» Activity:
An exact reproduction is needed of every line from the beginning of the data down to and including the line that contains "使用者亦有可能在充電或式充電", minus the pictures.

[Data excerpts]
════════════════════
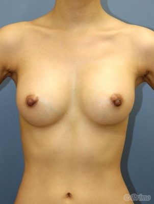 シリコンプロテーゼによる豊胸術後1週間の経過写真です。
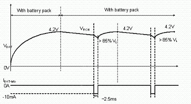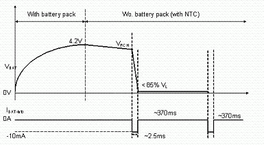 使用者亦有可能在充電或式充電完畢后,在未將電源移除的情況下,即抽離電池的情況。為避免造成危險,IC內(nèi)部應具有如圖7, 8的電池存在偵測機制。充電IC會以短時間脈沖(每370ms產(chǎn)生2ms的脈沖)方式抽取電池電流,此時若電池存在,則偵測到的電池電壓應大于一預設閥值;若電池已切離,則充電IC偵測到一低電壓,即可判定為電池斷開狀態(tài),并將電池端電壓切斷,保護使用者安全。
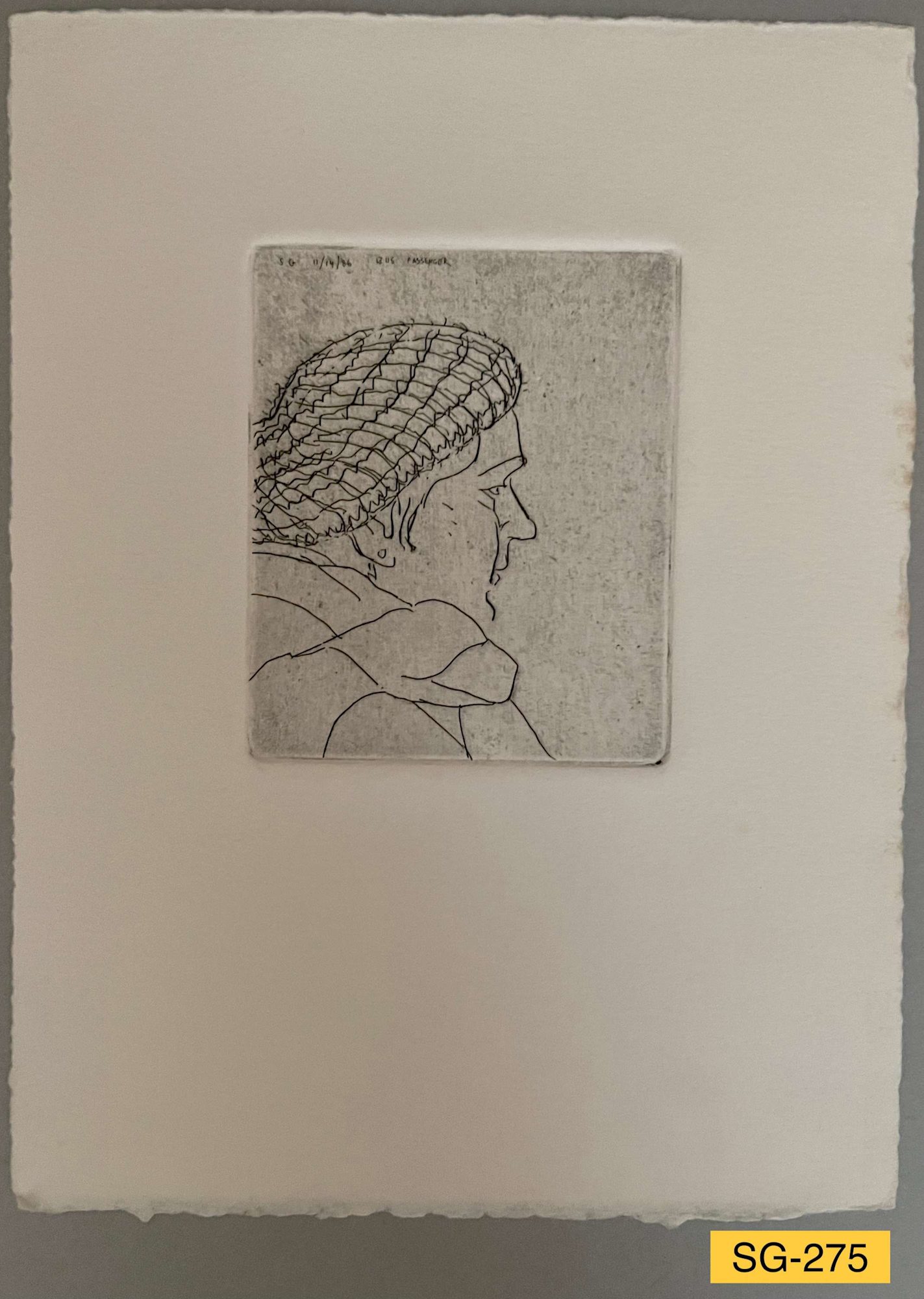 Woman in a knitted cap, with an earring. From the Bus Passenger Plates in Suite 101, 101 small etchings and drypoints.
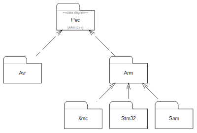 Auf der Basis der PEC-Bibliotheken werden plattformspezifische Realisierungen aufgebaut. Die hier gezeigte Version des PEC-Framework gliedert sich in die Realisierungen für 8 Bit AVR Controller und 32 Bit ARM Controller. Das ARM Paket enthält die für alle ARM gültigen Spezifikationen. Die ARM Controller werden wiederum in konkrete ARM-Familien aufgeteilt. Hier finden sich vor allem familienspezifische Realisierungen der herstellerabhängigen IP (internal peripherals). Möglich wird diese Portabilität durch die Verwendung von VariationPoints. Dabei stellt ein PEC-Interface (Klasse, Template oder Struktur) lediglich die abstrakte Definition zum Beispiel eines Bausteins ohne konkrete Realisierung dar.
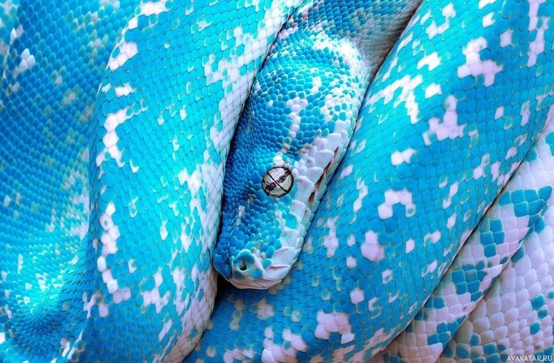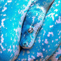 a ball python, which is known for its colorful scales. The scales are a vibrant blue with speckles and patterns that make it look quite stunning. The snake appears to be in
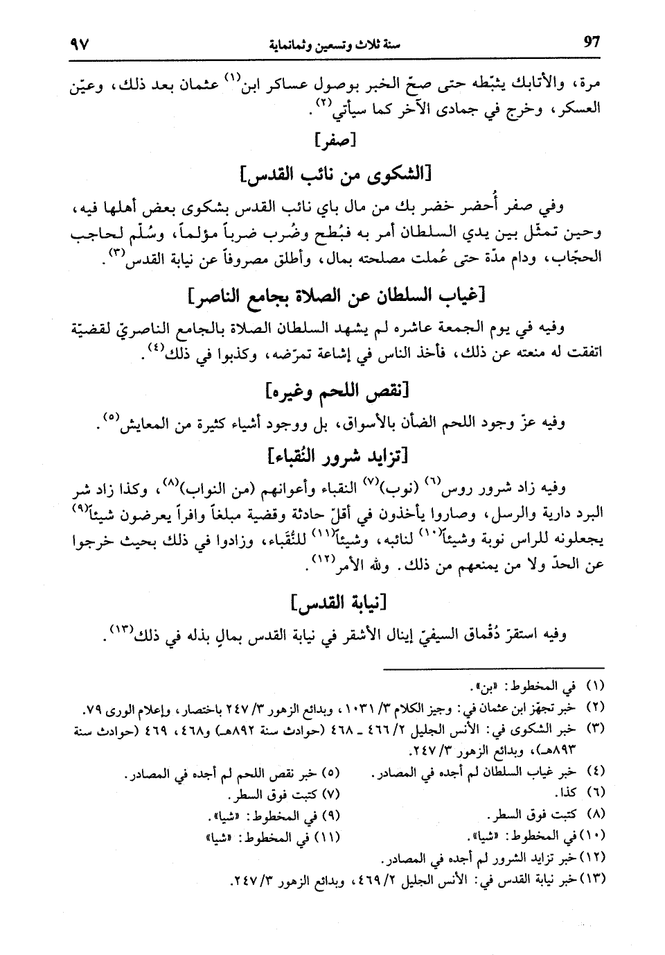 (¬13) خبر نيابة القدس في: الأنس الجليل 2/ 469، وبدائع الزهور 3/ 247.
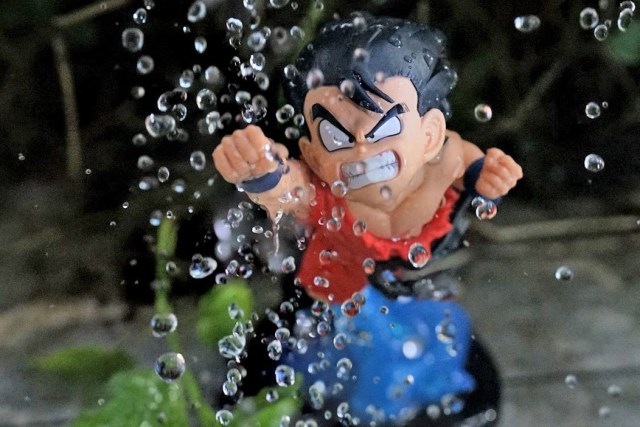 Caption: “Son Goku has no clue at all how to fight this opponent. He sees water bubbles all round and seems to zoom in to him. He must take fast action . With his right fist stretched outwards, Goku topedoed to smash through the bubble envelop. Can he do it ?”
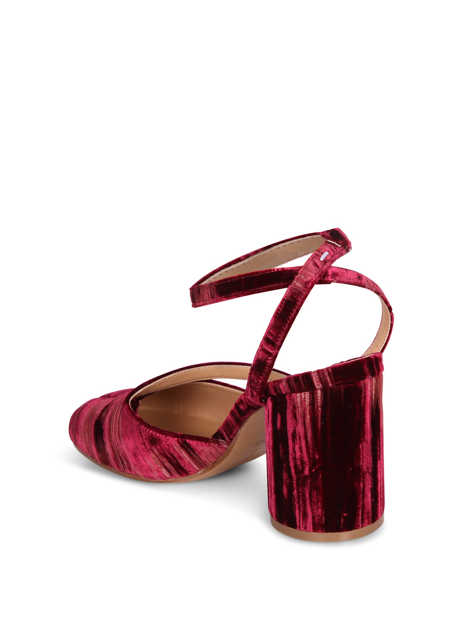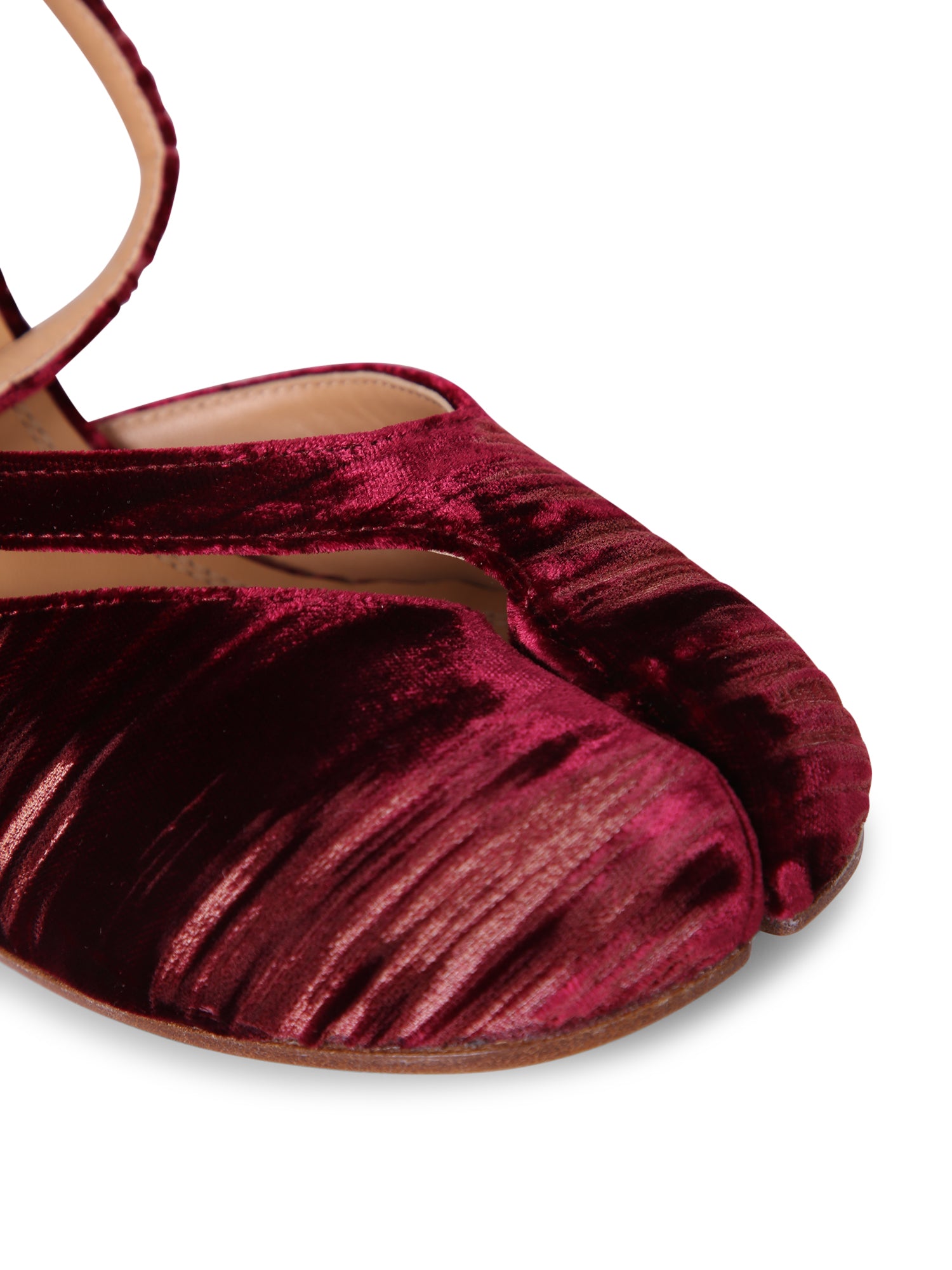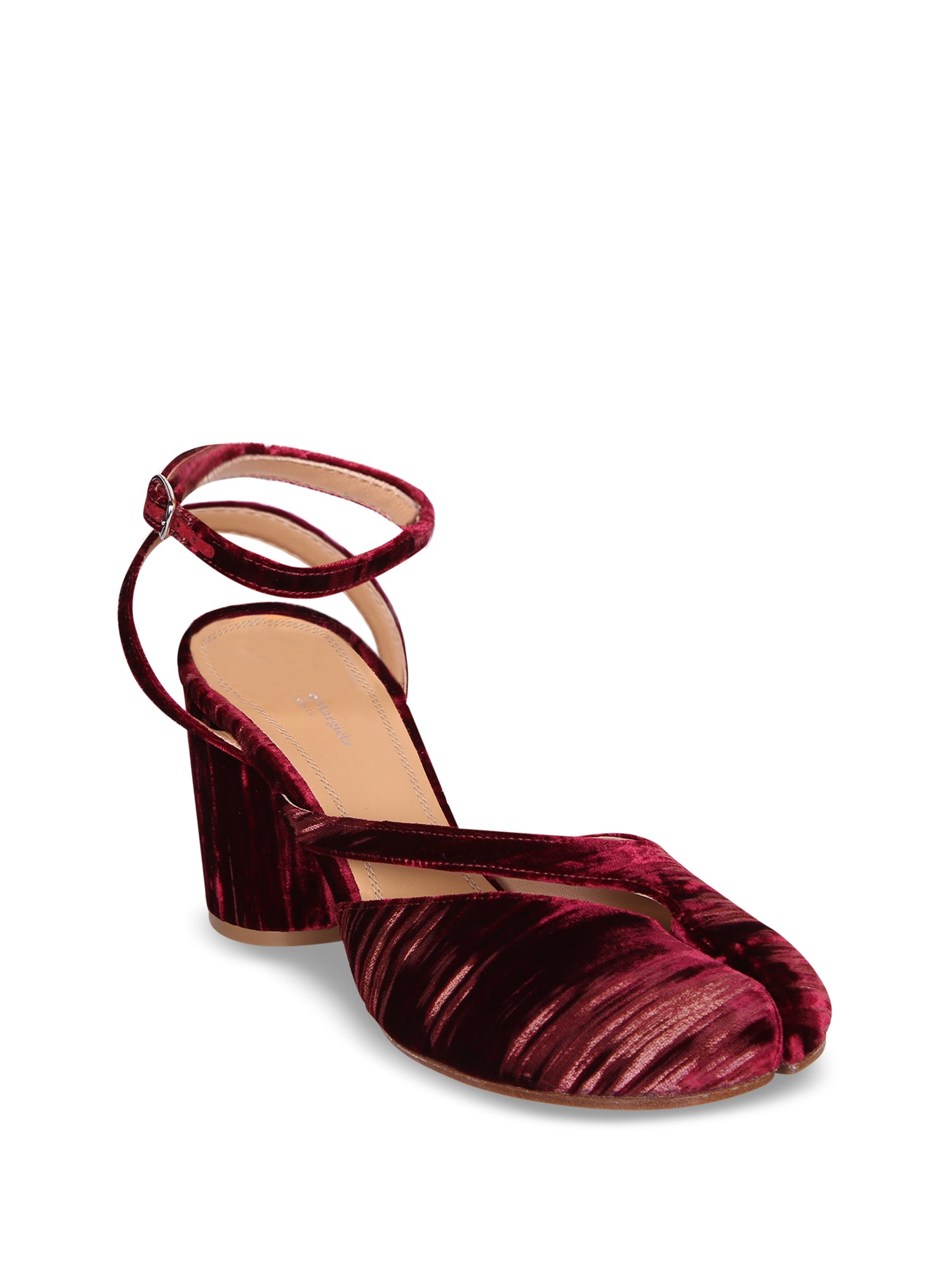 High cylindrical heel, ankle strap with buckle, distinctive split toe.
════════════════════
» Answer to this exercise:
 シリコンプロテーゼによる豊胸術後1週間の経過写真です。
 使用者亦有可能在充電或式充電完畢后,在未將電源移除的情況下,即抽離電池的情況。為避免造成危險,IC內(nèi)部應具有如圖7, 8的電池存在偵測機制。充電IC會以短時間脈沖(每370ms產(chǎn)生2ms的脈沖)方式抽取電池電流,此時若電池存在,則偵測到的電池電壓應大于一預設閥值;若電池已切離,則充電IC偵測到一低電壓,即可判定為電池斷開狀態(tài),并將電池端電壓切斷,保護使用者安全。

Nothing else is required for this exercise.